Производное 5-оксипиримидина, обладающее противоопухолевой активностью
Владельцы патента RU 2518889:
Федеральное государственное бюджетное учреждение "Научно-исследовательский институт фармакологии имени В.В. Закусова" Российской академии медицинских наук (RU)
Изобретение относится к новому противоопухолевому средству, представляющему собой 2-изобутил-4,6-диметил-5-оксипиримидин общей формулы I, указанной ниже. Средство может быть использовано для адъювантной противоопухолевой иммунотерапии. При этом обнаружено выраженное торможение роста опухоли без признаков токсического воздействия на соматические показатели мышей-опухоленосителей.
(I)
Изобретение также относится к способу получения 2-изобутил-4,6-диметил-5-оксипиримидина. Согласно способу амид изо-капроновой кислоты взаимодействует в ледяной уксусной кислоте с хлорацетилацетоном с образованием соответствующего оксазола, который, взаимодействуя с водным раствором аммиака, приводит к образованию указанного соединения. 3 н.п. ф-лы, 9 табл., 6 пр.
Изобретение относится к новому производному 5-оксипиримидина, которое может быть использовано при лечении онкологических заболеваний для адъювантной противоопухолевой иммунотерапии и для восстановления костномозгового кроветворения после применения лучевой терапии.
Современная медицина располагает широким спектром препаратов для лечения онкологических заболеваний. Внедрение в клиническую практику противоопухолевых моноклональных антител (МАТ) и низкомолекулярных ингибиторов тирозинкиназ явилось важным шагом в направлении создания мишень-направленных (таргетных) средств [Yang Е.В., Guo Y.J., Zhang К. et al. Butein, a specific protein tyrosine kinase inhibitor // Biochem. Biophys. Res. Commun. - 1998. - Vol.245. - №2. - P.435-438. Yang E.B., Guo Y.J., Zhang K. et al. Inhibition of epidermal growth factor receptor tyrosine kinase by chalcone derivatives // Biochem. Biophys. Acta. - 2001. - Vol.1550. - №2. - P.144-152.].

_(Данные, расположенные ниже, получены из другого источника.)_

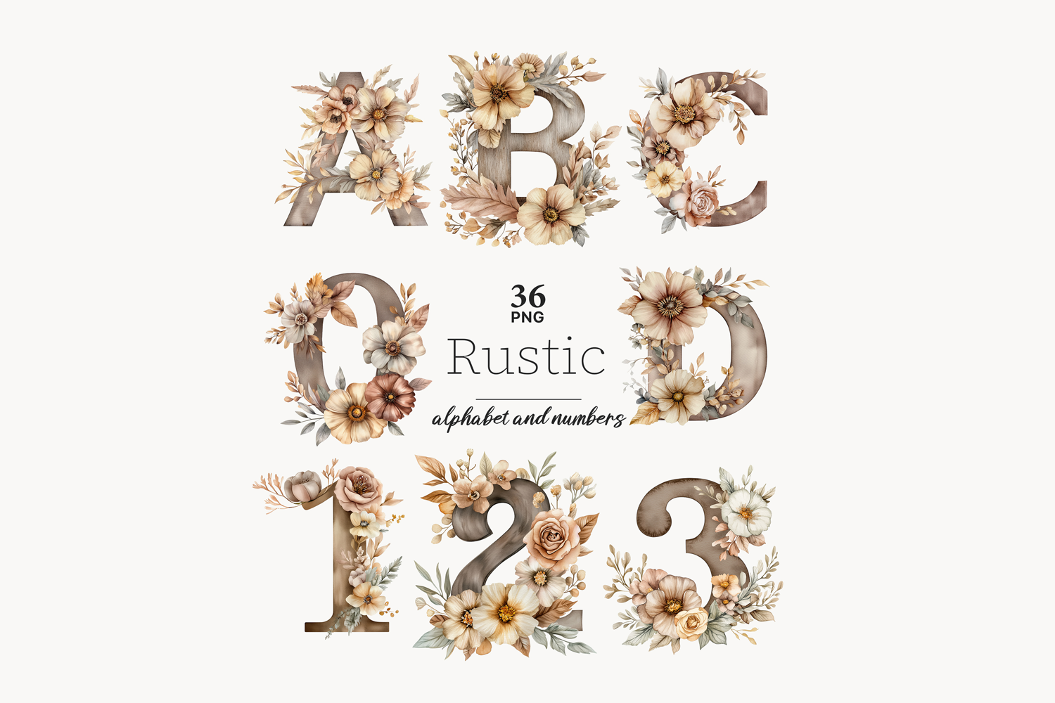 Create warm, natural designs with our charming Rustic Alphabet Digital Set! This earthy collection features 36 high-quality PNG files with brown and neutral-toned letters adorned with rustic florals, perfect for creating cozy, natural-themed projects.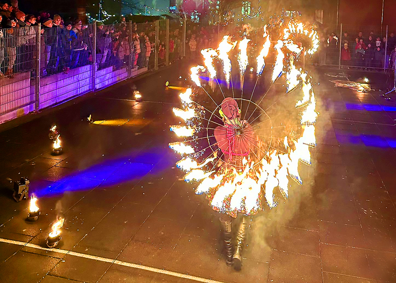 Sprühende Funken, fliegende Flammen und atemberaubende Choreografien.

Применение «таргетных» средств в клинической онкологии явилось прорывом в лечении определенных опухолей (например, в онкогематологии), но во многих случаях их эффективность оказывается ниже ожидаемой, кроме того, моноклональные антитела обладают широким спектром серьезных побочных эффектов (Корман Б.Д. Основы противоопухолевой химиотерапии. - М. 2006, с.9-359; Проценко С.А. Поиски путей индивидуализации противоопухолевой терапии. Практическая онкология. 2007, т.8, №4, с.173-181). Внедрение новых препаратов не решило и проблему формирования лекарственной резистентности опухолей. В последние годы, кроме таргетной, активно развиваются современные методы иммунотерапии в онкологии - для борьбы с различными опухолями и облегчения выраженных побочных эффектов при применении цитостатиков.
У больных с онкологическими заболеваниями рост большинства злокачественных новообразований сопровождается выраженными нарушениями иммунного ответа. В связи с этим одним из наиболее важных направлений является разработка новых современных препаратов для иммунотерапии рака.
Основные задачи современной иммунотерапии опухолей:
1) снижение побочных эффектов традиционной противоопухолевой терапии (миело- и иммуносупрессии);
2) профилактика рецидивов опухоли;
3) непосредственный противоопухолевой эффект.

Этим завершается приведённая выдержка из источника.